26 August 2015 | Author: Vicky Milner
Internet comments crop

 

Is a website owner responsible for comments posted on the website?  How is a business supposed to monitor and manage anonymous comments if it has thousands of followers?  Is placing liability on the owner a breach of the right to freedom of expression? 

These are the issues raised by the case of Delfi AS v Estonia which was recently heard by the European Court of Human Rights (“ECtHR”). Advocate Vicky Milner of Callington Chambers answers questions about the implications of the case and the court's rulings.

 

What was this case about?

Delfi is one of the largest internet news portals in Estonia.  At the end of each article it has an “add your comment” tab.  Comments are uploaded to the website automatically.  According to the Estonian government, “Delfi had a notorious history of publishing defamatory and degrading comments”. 

An article in January 2006 attracted a number of defamatory comments “tantamount to an incitement to hatred or to violence against [a named individual, L]”.

In March 2006, L’s lawyers asked Delfi to remove the offensive comments and claimed damages.  Delfi removed the offensive comments that day and notified L’s lawyers some weeks later that it had done so.

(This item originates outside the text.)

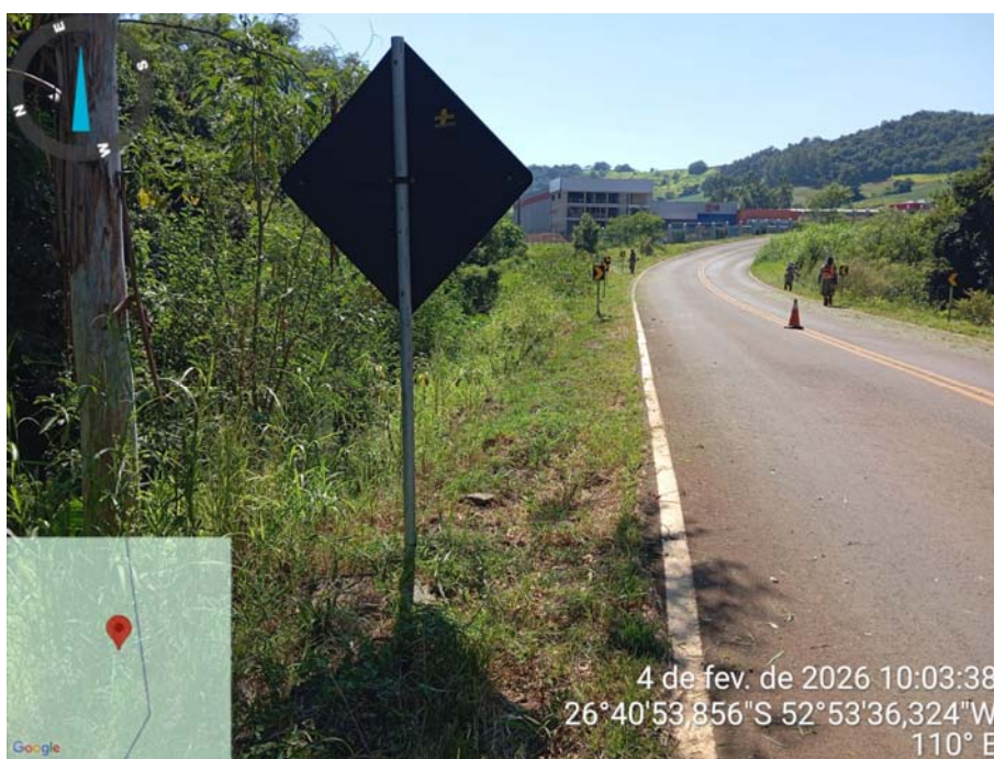
Foto 2 – Conservação e manutenção rodoviária SC 159 – Fevereiro/2026.
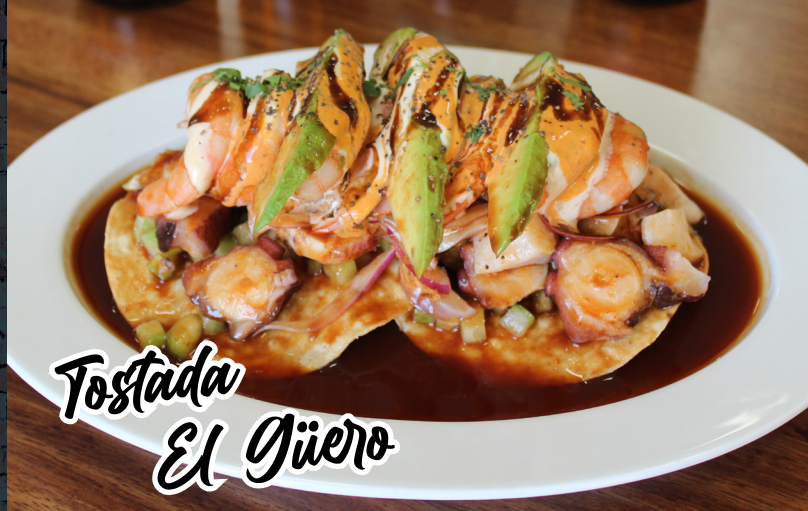
Tostada El Güero

L pursued a civil claim for damages against Delfi through the Estonian courts, which was ultimately successful. 

Having failed in an appeal to the Estonian Supreme Court, Delfi took the case to the ECtHR.

What has the ECtHR got to do with this?

The European Convention on Human Rights (the “Convention”) was implemented in the aftermath of the Second World War.  It aimed to defend civil liberties from attack by public authorities, in light of the atrocities committed by the Nazis. 

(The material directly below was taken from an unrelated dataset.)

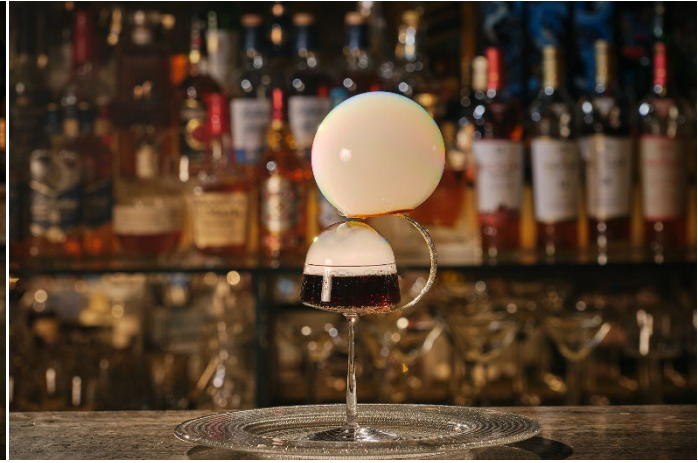
宇宙に浮かぶ小惑星をイメージしたカクテル「アステロイド」

ホテル インターコンチネンタル 東京ベイ(所在地：東京都港区海岸1丁目16番2号、総支配人：宮田 宏之)では、ハドソンラウンジ内のバー「アンバー」において、深まりゆく夜をより贅沢に愉しんでいただくため、営業時間を延長するとともに、5月1日より新たな目玉商品として2種の新作カクテル「アンバー スペシャルセレクション」を販売いたします。

All member states of the Council of Europe are parties to the Convention.  This includes Estonia, which joined the Council of Europe in 1993.  Accordingly, Estonian public bodies, including its courts, are under a duty to comply with the Convention.  As a consequence, Estonian courts must apply the law in a way which is compatible with Convention rights.

If a public body in a country which has signed up to the Convention (such as the Estonian Supreme Court) is alleged to have breached Convention rights, a victim can bring a case before the ECtHR against the government of the country in question.

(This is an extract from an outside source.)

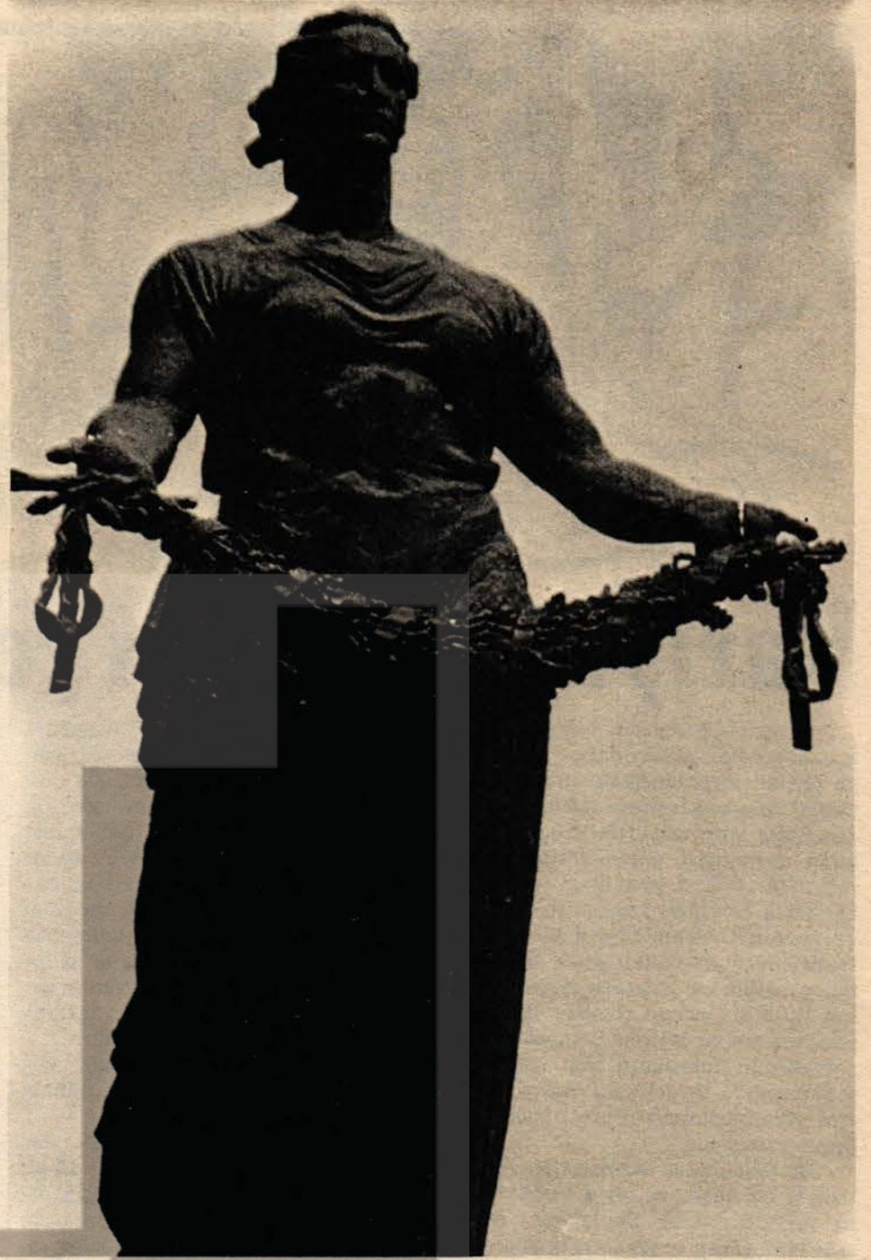
Adsız Kahramanlar Adına Dikilen Zafer Heykeli

Sovyetler Birliğinin «imtiyazlı sınıfı»nın küçük temsilcisi, hoşça kal! «Sosyalizmi»!

What were the human rights issues here?

Like any individual, under Article 8 of the Convention, L had a right to “respect for [his] private and family life”.  A failure by the government of Estonia to uphold this right, by limiting a court’s ability to take action in claims involving defamation, hate speech and speech inciting violence, would have breached L’s rights.

However – somewhat surprisingly perhaps – companies are also protected by the Convention.  Delfi argued that holding it liable for the comments posted by readers on its website infringed its right to freedom of expression under Article 10.  Delfi noted that internet media content created by users often raises serious debates which make a huge contribution to democracy.  It was suggested that the Estonian Supreme Court’s judgment had had a “chilling effect” on freedom of expression and had restricted Delfi’s ability to impart information, amounting to “the establishment of an obligation to censor private individuals”.

But the website owner didn’t write the comments, so why should it be liable?

The fact that the defendant was not the writer of the comments did not mean that it had no control over the environment in which the comments were published.  Delfi’s website encouraged comments and had put in place rules for use of the website.  It could make changes to or remove comments.  The fact that a website owner might have decided not to apply its own rules in any given case did not mean that it had no control over comments posted.

What about freedom of speech? 

The Convention right to freedom of expression (under Article 10 of the Convention) is not absolute.  Exercise of this right by individuals may be circumscribed by signatory states:

“…[as] necessary in a democratic society, in the interests of national security, territorial integrity or public safety, for the prevention of disorder or crime, for the protection of health or morals, for the protection of the reputation or rights of others…”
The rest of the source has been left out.